The UST Miguel de Benavides Library launches the Spanish-English edition of the late Fr. Valentin Morales Marin, O.P.'s book, “Ensayo de una síntesis de los trabajos realizados por las Corporaciones Religiosas Españolas,” at the Blessed Pier Giorgio Frassati, O.P. Building, on Sept. 7. (Photo by Francia Denise M. Arizabal/ The Varsitarian)

The UST Miguel de Benavides Library has launched the bilingual edition of the controversial two-volume 1901 work by Fr. Valentin Marin Morales, defending the more than four-century record of the friar missionary orders in their work of evangelization in the Philippines amid attacks on them during the early US colonial period. 

Published by the library along with the UST Publishing House and UnionBank of the Philippines, “Ensayo de una Síntesis de los Trabajo Realizados por las Corporaciones Religiosas Españolas (Essay of a synthesis of the works accomplished by the Spanish religious corporations in the Philippines)”  was launched Sept. 7 at the UST Senior High School Library at the Blessed Giorgio Frassati Bldg. on Espana Blvd. 

UST Prefect of Libraries Rev. Fr.
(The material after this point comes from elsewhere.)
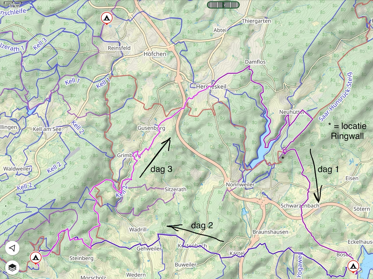 De 1e dag verzetten we de auto’s naar Hermeskeil. Hiervandaan gaan we lopen over delen van de Saar-Hunsrucksteig via Nonnweiler en de fraaie Keltenwall naar Bostalsee. We komen langs de zeer bezienswaardige Keltische Ringwall. Het routevoorstel is 27 kilometer lang, maar desgewenst kan worden ingekort tot plm. 24 kilometer.

Angel A. Aparicio, O.P. said that Father Marin (1860-1921) gave new context and “added light” to the country’s history with the Spaniards through historical interrogation.

“A great thinker is the man who asks the questions … about new things or context,” he said. “This is precisely what Marin [did]: he asked questions about the land, the political conditions at the arrival of the Spaniards, about the social conditions, religious system.” 

“He (did) not answer all the questions, yes, but shed some light upon them,” he added.

Former UST archivist Prof. Regalado Trota Jose said that Ensayo “counteracted” the attacks against the friars when the Americans came to the country.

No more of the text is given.